La mémoire de travail et les processus de conception

Le processus de conception est un processus de résolution de problème basé sur une séquence récursive d’activités qui concernent la pensée, l’élaboration et manipulation d’images mentales, le dessin, ses re- interprétations et l’utilisation de plusieurs types de connaissance stockés dans la mémoire à long terme. Comme l’expliquent parfaitement Purcell et Gero dans leur article [PUR98], dans le modèle de la résolution de problème proposée par Newell and Simon (qu’on vient de décrire dans le paragraphe précédent), l’une des questions centrales est la capacité limitée de la mémoire de travail. Quand la complexité et /ou la taille du problème dépasse ces limites, le problème est séparé ou décomposé en sous-problèmes et sa résolution est séquentielle, ce qui signifie que la mémoire de travail procède à travers une élaboration sérielle.
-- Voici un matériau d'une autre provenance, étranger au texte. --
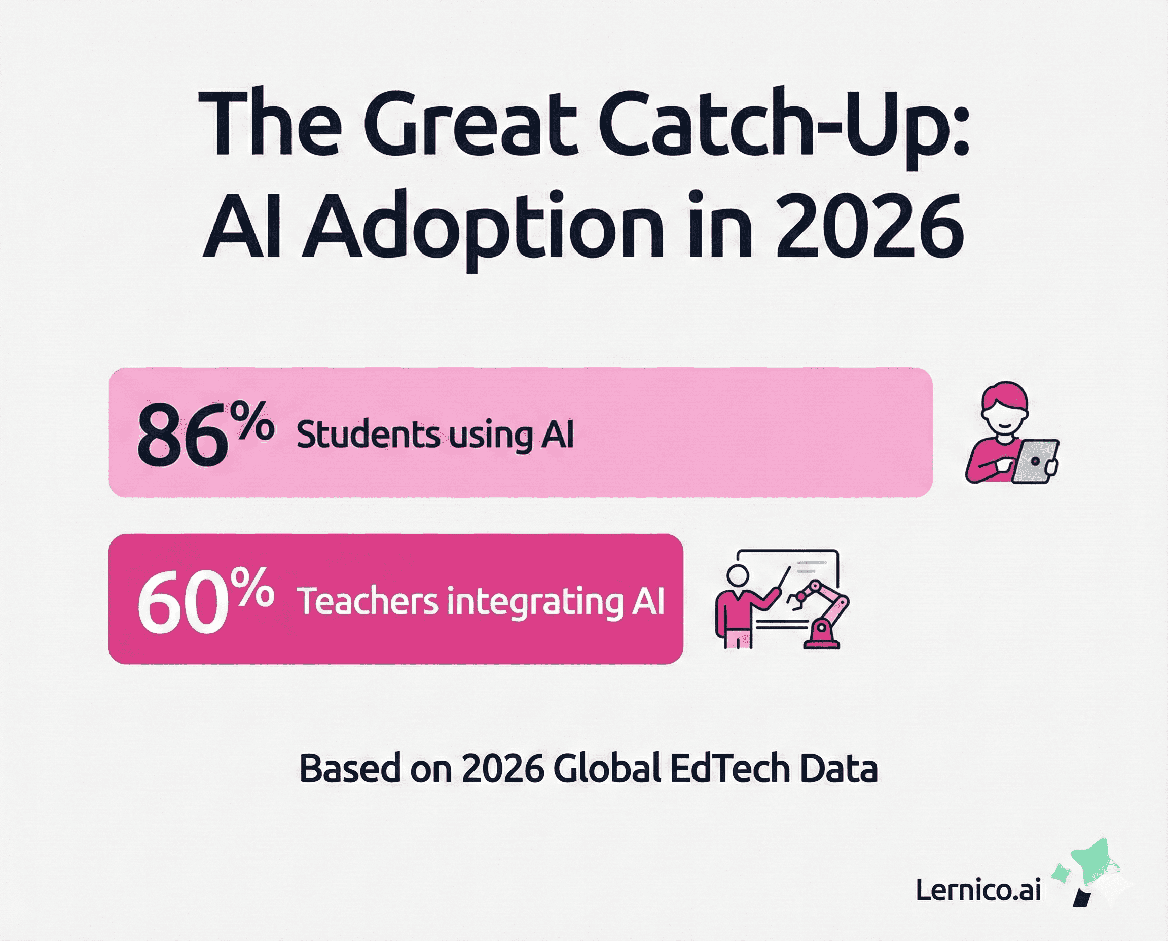 That nearly 9 out of 10 students use AI is no longer news—it is infrastructure. The headline for 2026 is that 60% of teachers now integrate AI regularly into their workflow, a sharp increase from previous years. We are witnessing a shift from "the student is cheating with AI" to "the teacher is planning with AI."

En plus, des aides externes à la mémoire, comme du matériel écrit, des dessins ou des diagrammes, sont utilisés. La décomposition, l’élaboration sérielle et l’utilisation d’aides externes à la mémoire sont des modes qui permettent de réduire la charge de la mémoire de travail. Les problèmes de la conception d’artefacts sont des problèmes complexes, en raison du fait que ce genre de conception concerne la manipulation d’information perceptives/spatiales, simultanément avec l’utilisation de connaissances conceptuelles issues d’un nombre considérable de disciplines et de connaissances procédurales spécifiques à la résolution de problèmes spatiales. On peut donc supposer que la mémoire de travail

joue un rôle fondamental dans le déroulement d’un processus de conception spatiale : celui-ci est caractérisé par la décomposition en sous-problèmes, par l’élaboration séquentielle et par l’utilisation d’aides extérieures, ainsi que par la présence d’une planification unitaire et d’organisation globale des objectifs. La compréhension des modes de fonctionnement de la mémoire apparait donc fondamentale dans le but de développer des connaissances utiles à l’amélioration des processus de conception spatiale.